22-letni obrońca do Śląska Wrocław trafił w lutym 2021 roku. Wcześniej grał on w rezerwach Legii Warszawa, która wówczas bez większego żalu oddała go ligowemu rywalowi. Jak często bywa to w przypadku Legii, klub ze stolicy żałować zaczął później, gdy okazało się, że kolejny młody zawodnik ze struktur Legionistów gra na bardzo przyzwoitym poziomie, jednak już gdzieś indziej.
Matsenko początkowo przez długi czas trenował z rezerwami WKS-u, a do pierwszej drużyny trafił w sezonie 2023/2024. Pewnego wolnego popołudnia trener Jacek Magiera postanowił wybrać się na mecz rezerw, gdzie zaangażowanie Matsenki zaimponowało mu na tyle, że postanowił on dać mu szansę na poziomie ekstraklasy. 20 sierpnia ubiegłego roku ukraiński obrońca zadebiutował w pierwszym zespole w wygranym 3:1 meczu z Lechem Poznań.
"To dobra wiadomość dla całej społeczności Śląska.

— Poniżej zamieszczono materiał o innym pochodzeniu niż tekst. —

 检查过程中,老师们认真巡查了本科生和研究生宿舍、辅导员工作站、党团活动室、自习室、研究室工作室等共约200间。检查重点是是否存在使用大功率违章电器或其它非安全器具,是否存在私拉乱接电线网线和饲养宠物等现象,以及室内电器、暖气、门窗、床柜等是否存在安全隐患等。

Matsenko to ważna postać o pożądanym charakterze. Nigdy się nie poddaje. Wierzę, że dostarczy klubowi wiele pięknych momentów" - mówi dyrektor sportowy Śląska, David Balda.

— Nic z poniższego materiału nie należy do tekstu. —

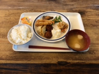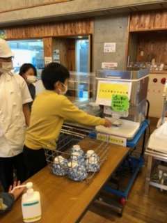 いよいよ夕食が始まりました。感染対策もされています。ごはんのおかわりは,マシーンで入れます。この後の活動に向けて,少し早めの夕食です。

W całym sezonie rozegrał Matsenko rozegrał 27 spotkań dla pierwszej drużyny Śląska, w których strzelił trzy gole i zanotował jedną asystę. Był bardzo ważnym elementem układanki Jacka Magiery, która ostatecznie zdobyła wicemistrzostwo Polski. Co więcej, jego dobra dyspozycja została dostrzeżona przez selekcjonera reprezentacji Ukrainy U23. Matsenko był blisko wyjazdu na Igrzyska Olimpijskie, w czym przeszkodziła mu jednak kontuzja. To przez uraz ukraiński obrońca omija również początek sezonu 2024/2025.
W kuluarach mówiło się o wysokich żądaniach finansowych ze strony przedstawicieli Yehora Matsenko, na które klub początkowo nie chciał przystać. Negocjacje były ryzykowne - kontrakt ukraińskiego obrońcy wygasał wraz z końcem bieżącego roku. Negocjacje trwały długo, jednak najważniejsze, że obie strony udało zadowolić się na tyle, że podpisano nową, obowiązującą do końca czerwca 2027 roku umowę.